__Task to carry out__
In the material below, print every line exactly and omit the pictures.

__Data shown__
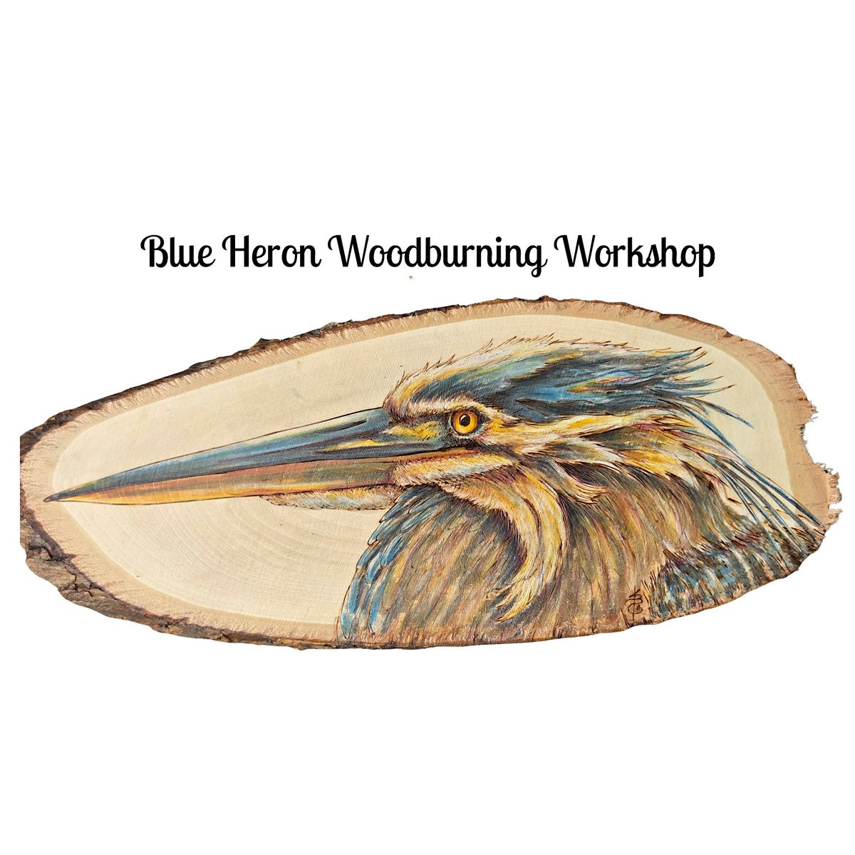 Create a Blue Heron woodburning in this fun woodburning workshop! All materials included learn, create, and take home your own art!
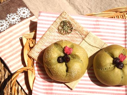 抹茶のシンプルなパンなので、行楽に持ち歩いても痛みにくいですよ〜♪ヽ(*^^*)ノ♪
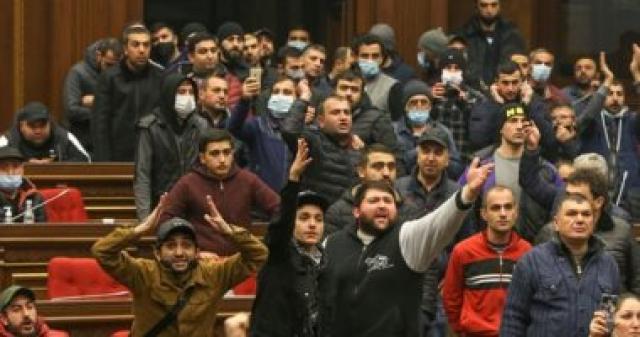 متظاهرون يقتحمون برلمان أرمينيا بعد توقيع اتفاق وقف إطلاق النار مع أذربيجان.. صور

__Answer for the task__
 Create a Blue Heron woodburning in this fun woodburning workshop! All materials included learn, create, and take home your own art!
 抹茶のシンプルなパンなので、行楽に持ち歩いても痛みにくいですよ〜♪ヽ(*^^*)ノ♪
 متظاهرون يقتحمون برلمان أرمينيا بعد توقيع اتفاق وقف إطلاق النار مع أذربيجان.. صور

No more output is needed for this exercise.